# Multiplying Exponents || Solved examples & questions of exponent multiplication

In this post we will learn about methods to multiply different exponents with solved examples.

This concept is widely used in algebra, so make sure you learn it properly.

Before understanding multiplication operation of exponents, let us revise the basic first.

## Methods of Multiplying exponents

Let us understand the basics of exponents first.

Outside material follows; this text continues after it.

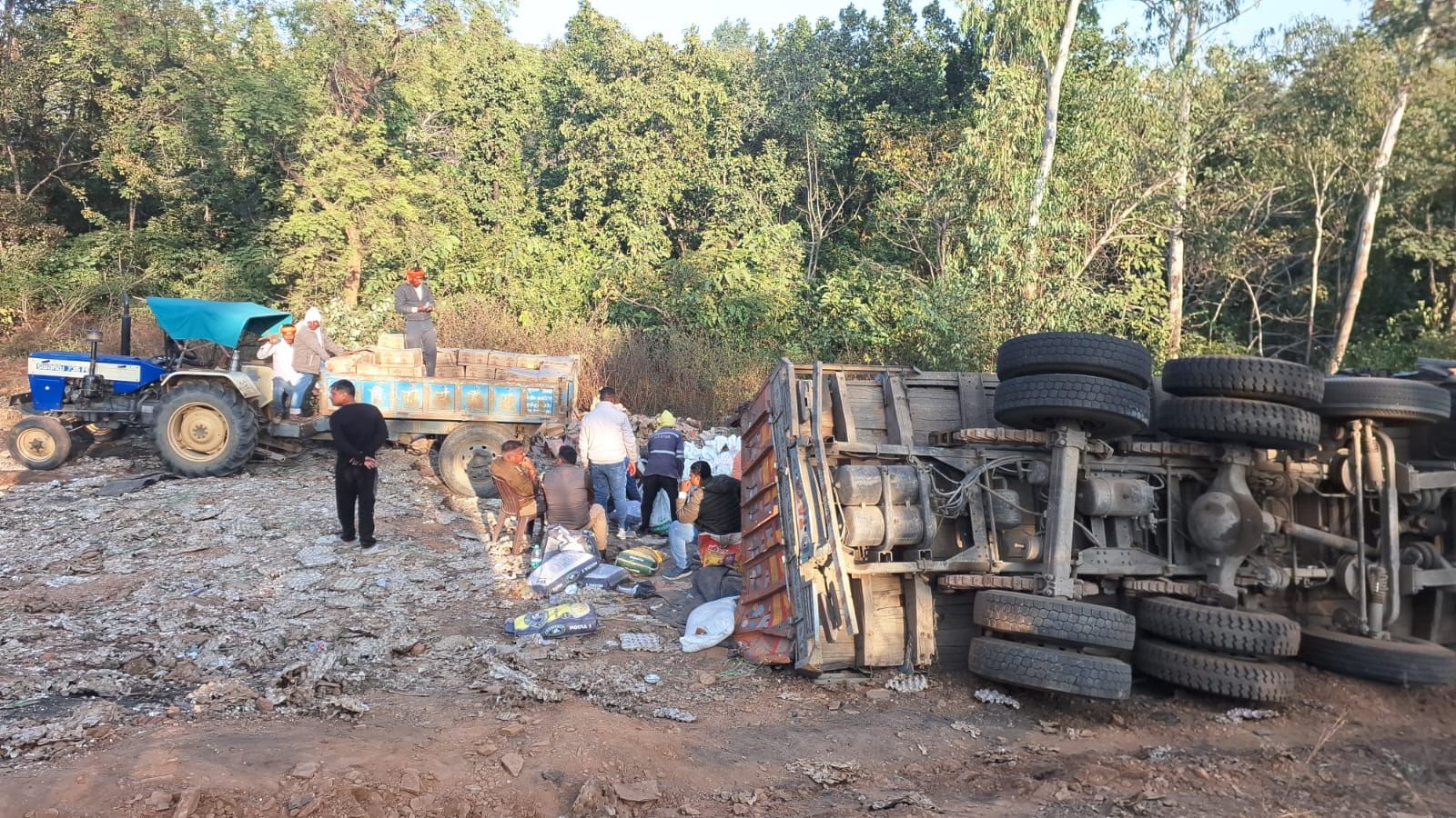 चावल के बिल पर झारखंड जा रही अवैध शराब की ट्रक पलटा

When we multiply a number with itself we get an exponent.

Below are some examples:

\mathtt{2\ \times \ 2\ \times \ 2\ \times \ 2\ \times \ 2\ \ =\ 2^{5}}\\\ \\ \mathtt{a\ \times \ a\times \ a\ =\ a^{3}}\\\ \\ \mathtt{\frac{1}{3} \ \times \frac{1}{3} \ =\ \left(\frac{1}{3}\right)^{2}}

The number which is multiplied repeatedly is called Base.
Here numbers 2, a and 1/3 are the base.

Number of time a number is multiplied is shown by Power.
In \mathtt{\ 2^{5}} , the power is 5.
It signifies that number 2 is multiplied by itself 5 times.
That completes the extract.